While the influx of young migrants has generated concern – for some, over finding legal and humane ways to house them while they work their way through the immigration process, and for others, like Texas Governor Greg Abbott, over factually inaccurate fears of “open border policies” – the immigration-focused reporting outlet BORDER/LINES notes that the recent crossings are “well below historic peaks”.

What’s more, some of the surge in recent days is related to the Trump administration’s various border policies, which drastically slowed the asylum process, stranding tens of thousands in border cities waiting for their claims to process.

Despite the media and political hype around the crossings, the White House has denied the situation constitutes a “crisis”, even though President Joe Biden used the term for a similar surge in 2014 while he was vice-president.
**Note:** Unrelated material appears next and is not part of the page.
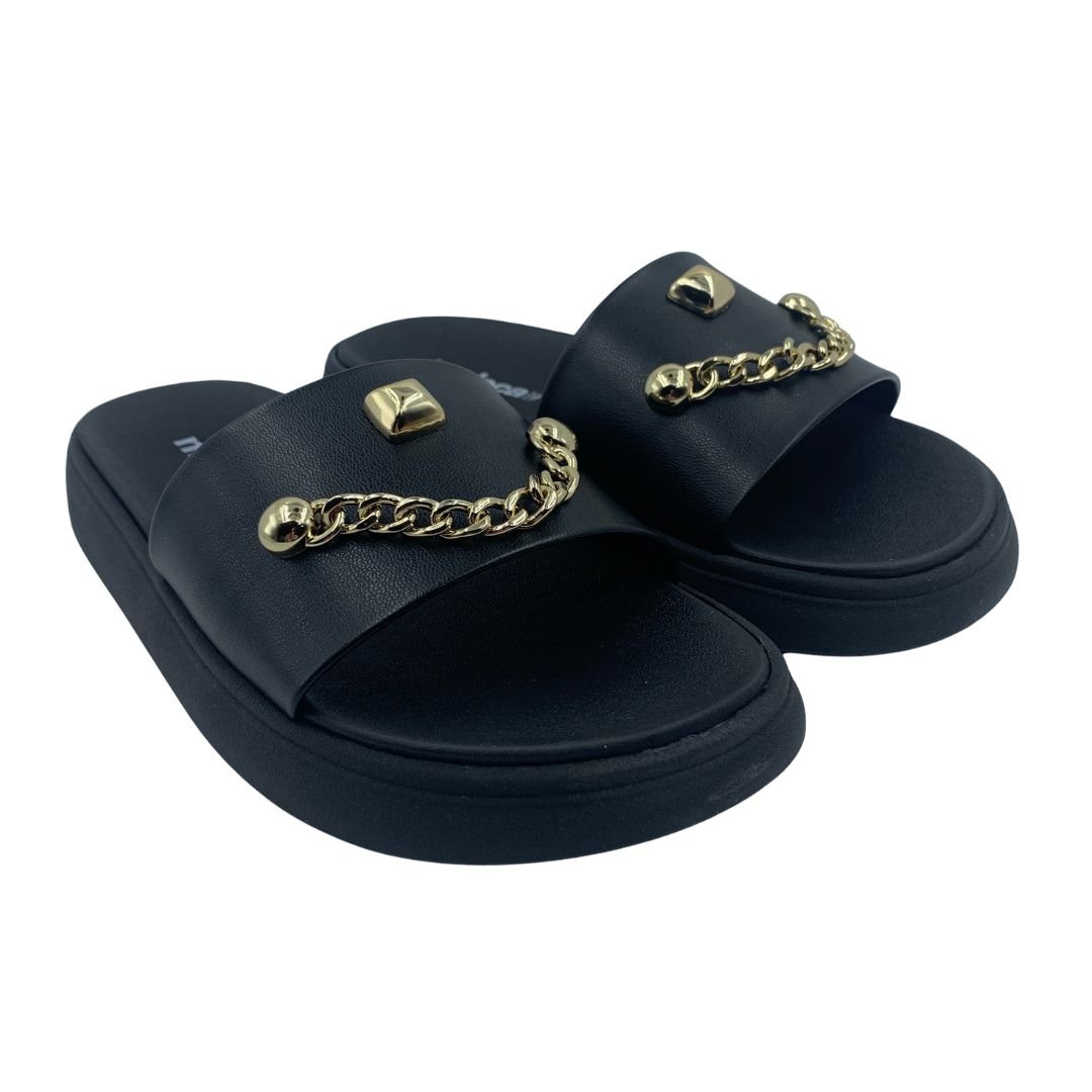 Nome: Tamanco Papete Slide Moleca com Corrente Preto 5469154

“Look, I don’t think we need to sit here and put new labels on what we have already conveyed is challenging, what we have conveyed is a top priority for the president,” White House press secretary Jen Psaki said at a press conference last week.

Apprehensions at the border have been climbing throughout this year, rising from 75,312 at the southern border in January to 96,974 in February. In 2014, that number peaked at 60,683.

What makes bumps like these particularly challenging is that US immigration detention was largely set up with single, adult males in mind, the group that traditionally immigrated to the US.

Increasingly, however, migration is being driven by groups of families or unaccompanied children coming from Central America, and the US has struggled to balance certain humanitarian provisions like the Flores settlement, a 1997 federal court agreement limits Border Patrol detentions of children and families, with its immigration laws.